====== TASK MATERIAL ======
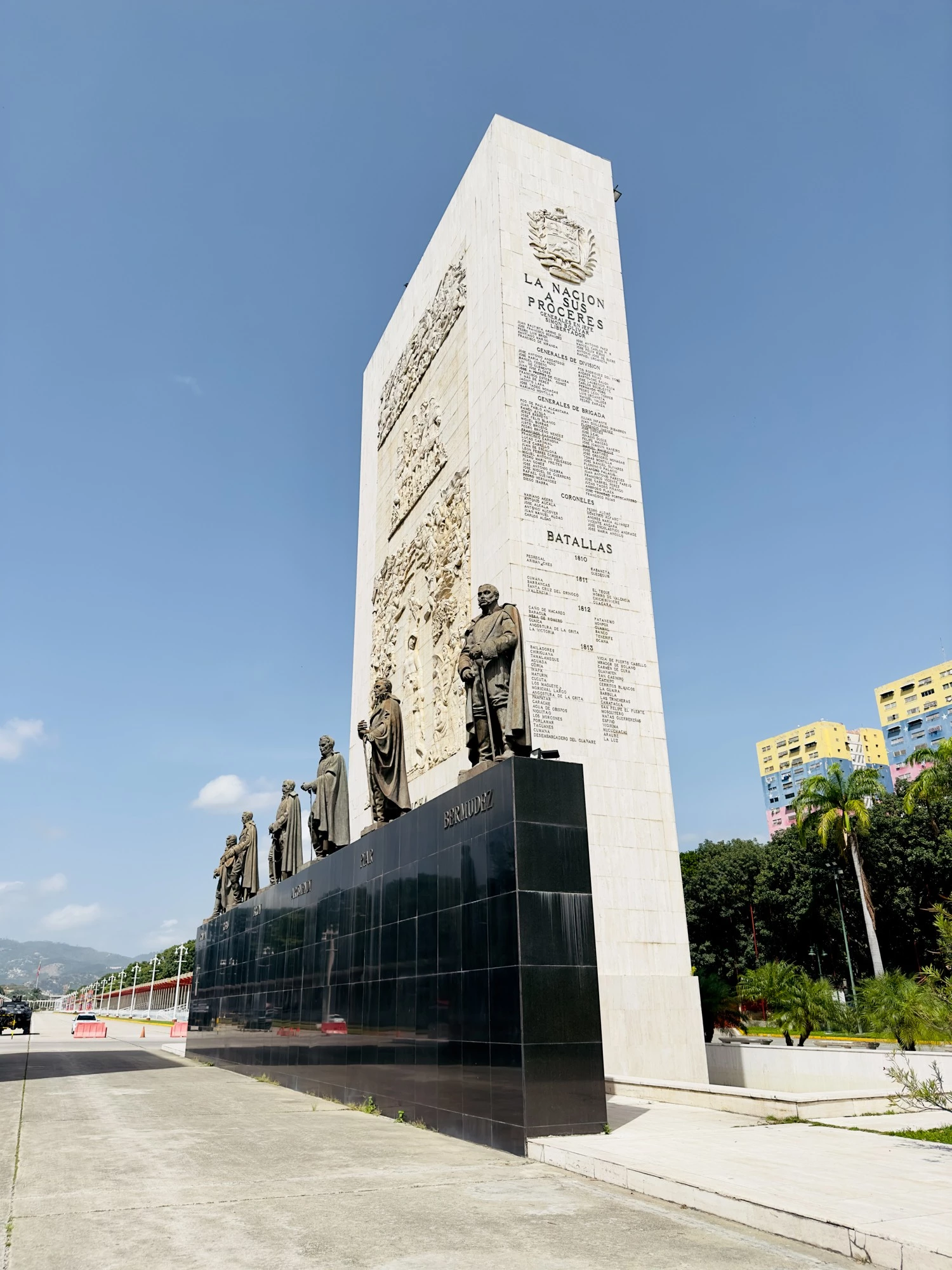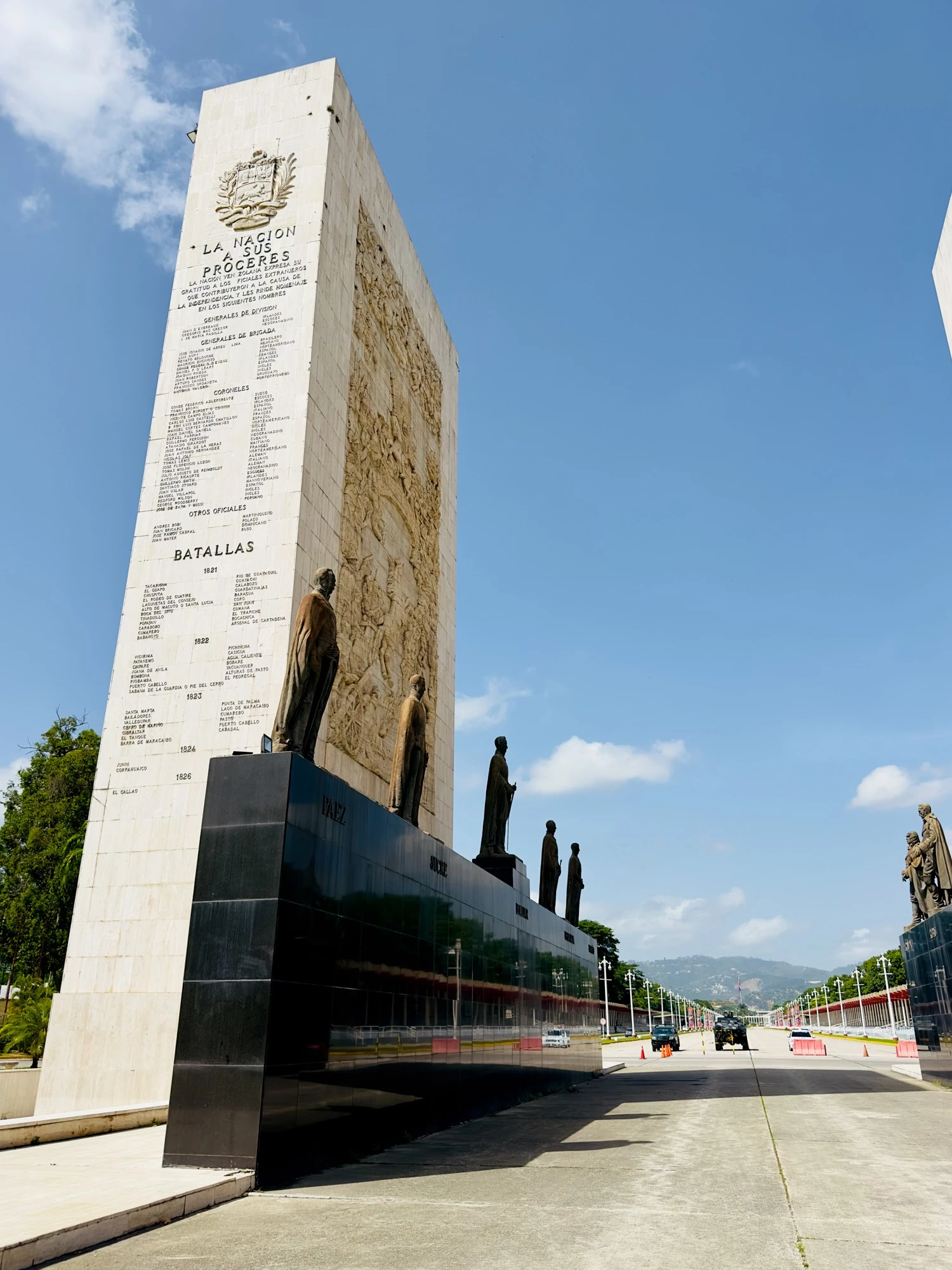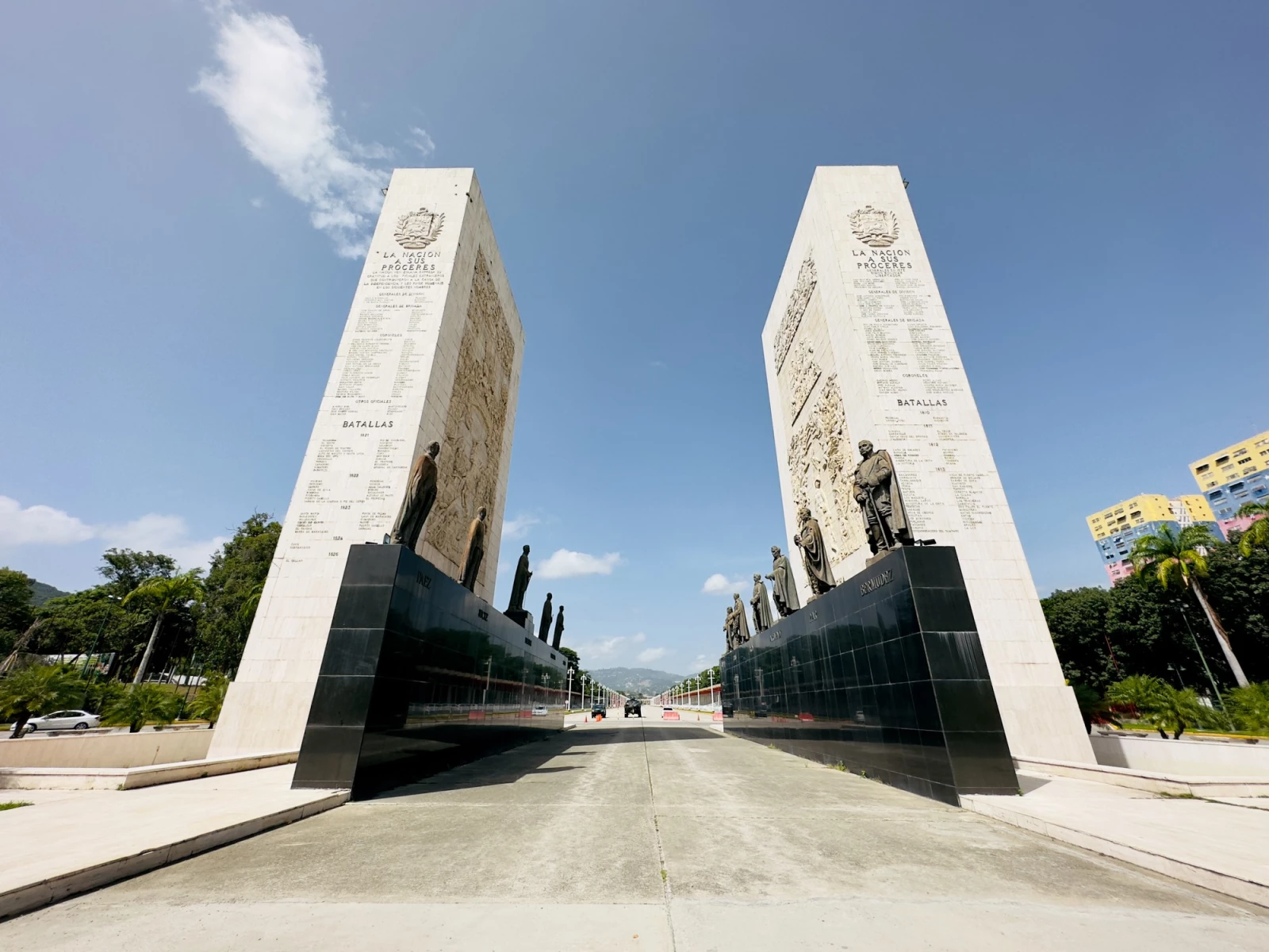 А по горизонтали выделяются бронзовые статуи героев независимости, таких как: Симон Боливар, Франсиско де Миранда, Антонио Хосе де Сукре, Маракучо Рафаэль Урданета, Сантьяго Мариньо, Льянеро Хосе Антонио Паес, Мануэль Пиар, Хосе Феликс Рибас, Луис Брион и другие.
======
====== TASK MATERIAL ======
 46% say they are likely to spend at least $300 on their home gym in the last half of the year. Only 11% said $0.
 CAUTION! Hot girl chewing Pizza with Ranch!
======
====== TASK MATERIAL ======
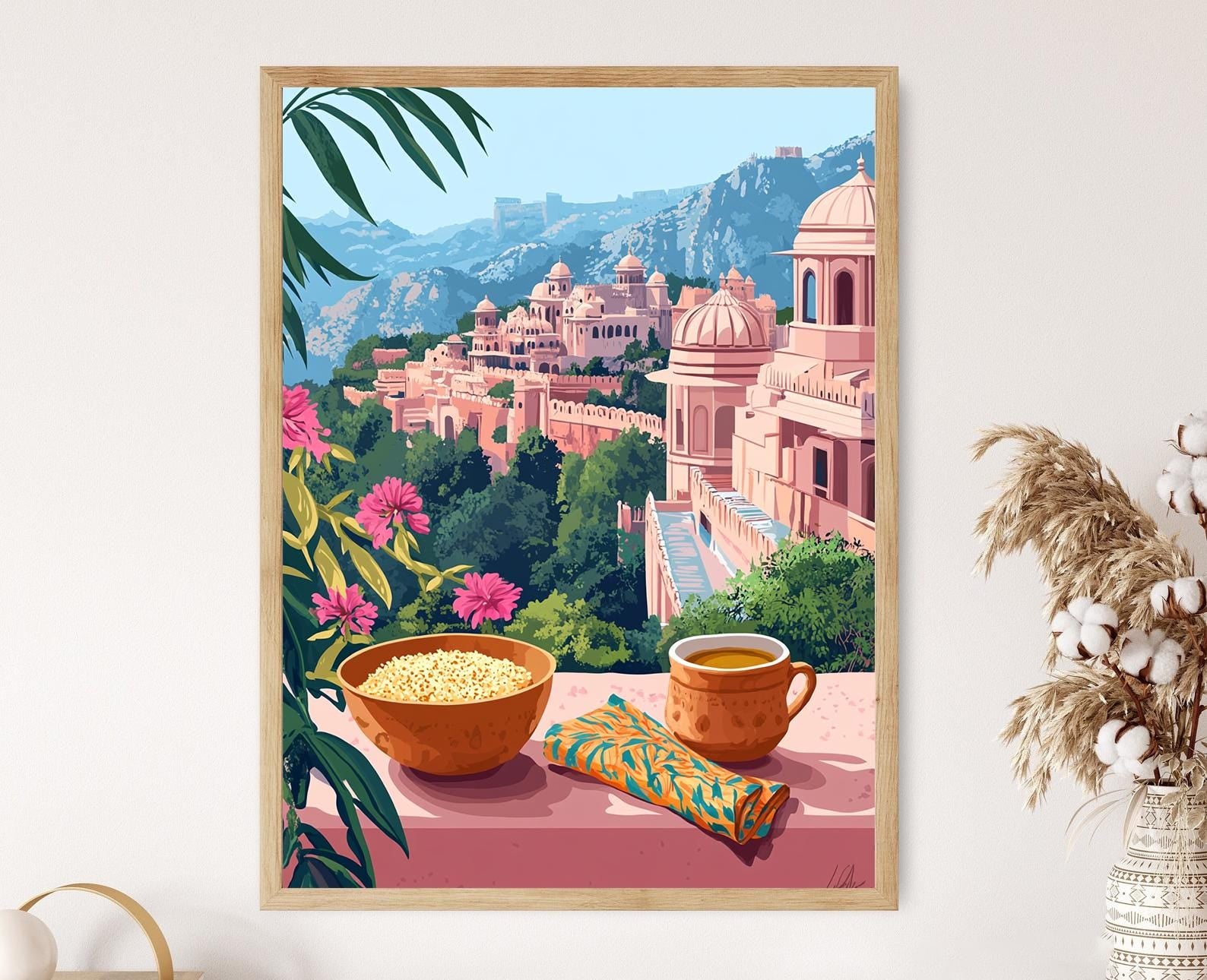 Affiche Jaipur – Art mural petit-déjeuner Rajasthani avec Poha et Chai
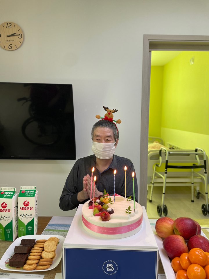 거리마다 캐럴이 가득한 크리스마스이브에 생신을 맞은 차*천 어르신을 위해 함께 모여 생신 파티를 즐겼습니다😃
======
- _TASK TO CARRY OUT_
Reproduce, character for character, only the lines of the preceding data that start at the line with "46% say they" and end at the line with "CAUTION! Hot girl chewing Pizza with Ranch!", both included.

- _EXERCISE OUTPUT_
 46% say they are likely to spend at least $300 on their home gym in the last half of the year. Only 11% said $0.
 CAUTION! Hot girl chewing Pizza with Ranch!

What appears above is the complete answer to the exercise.